アルゴリズムに関して、再度確認してみましょう。

  • http://www.derkeiler.com/Newsgroups/sci.crypt/2008-11/msg00110.html

暗号化・復号化に必要な8バイトの配列、ftとsbを生成するためには、idxが必要です。

idxは0~6の値となっていて、keyに関してはrandとidxに依存しています。

この実装では0~6のidxと、入力されたrandからkeyを生成し、もしkeyが一致した場合にそのidxを使用するようです。

かなりの力技です。

コントローラーは8bitマイコンなどのそれほど能力が無いものが使用されるため、実際に内蔵されいてるアルゴリズムは単純なものでしょう。

そして、この方法は任天堂純正のコントローラーに関してで、サードパーティのコントローラーは別のルーチンが存在するとのこと。
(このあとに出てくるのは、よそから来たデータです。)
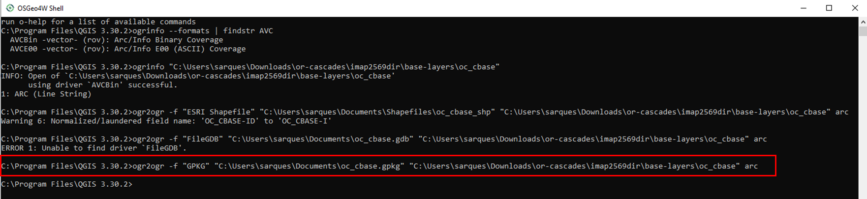 ogr2ogr -f "GPKG" "C:\Users\sarques\Documents\oc_cbase.gpkg" "C:\Users\sarques\Downloads\or-cascades\imap2569dir\base-layers\oc_cbase" arc
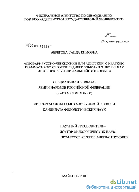 Апробация работы. Основные положения и результаты исследования обсуждались на заседаниях кафедры адыгейской филологии Адыгейского государственного университета. Кроме того, результаты анализа словаря Л.Я. Люлье были представлены на международных, всероссийских, региональных и межвузовских научных конференциях. По теме диссертации опубликовано 10 печатных работ, в том числе в изданиях, рекомендованных ВАК РФ.
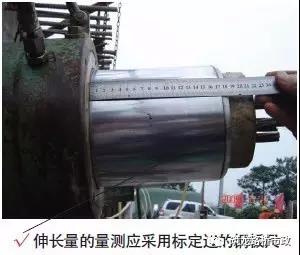 3) 張拉采用張拉力與伸長量雙控制的方法,不能直接量取千斤頂?shù)挠透鬃兾涣?,一般采用兩端?duì)稱張拉,張拉計(jì)算公式按L實(shí)=L-L1+(L1'-L1)(L1張拉至20%ok(15%ok)時(shí)千斤頂?shù)幕钊L;L張拉至100%δk時(shí)千斤頂?shù)幕钊L;L1'張拉至40%δk(30%δk)時(shí)千斤頂?shù)幕钊L)。
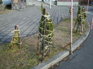 | 植木を雪から守るため。 | 八甲田山に雪が降ったら、かなりの雪が積もるんでしょうね。 |

異なるsboxで、同じansテーブルとありますが、実際には解析してみないとわからないでしょう。

 

 

この時点で、私が書いた上記のJavaScriptに、idx、ft、sbの表示機能を実装しました。

 

Arduinoにコントローラーを実装する

基本的に、以下のコードで動作するようです。

  • https://github.com/denizkoekden/arduino-wiimote

上記idxの件があるため、ロジックアナライザでデータを取得してみることにします。

 

 

ロジックアナライザで接続時に取得したデータの一覧です。

100回分のデータをCSVファイル(拡張子:txt)にしてあります。

JavaScriptのフォームに入力すると、暗号化・復号化ができることが確認できます。

計算したidxも記述しています。

 

Arduinoにタタコンを実装する

デバイス識別子をタタコンにした上で動作を確認します。

wii-remote-extension-controller-005 wii-remote-extension-controller-006

プログラムを書き込んだArduinoをWiiリモコンに接続すると、タタコンとして見えているようです!

認識まではうまくいくのですが、やはり暗号化・復号化の時点でidxが範囲外となり、うまく動作していないようです。

「太鼓の達人」を起動するとタタコンとして見えていますが、操作はできません。

 

 

こちらも、ロジックアナライザで接続時に取得したデータです。

100回分のデータをCSVファイル(拡張子:txt)にしてあります。

idx値がすべて7となり、計算が合いません。

サードパーティ用のアルゴリズムを解析しないといけない気がします。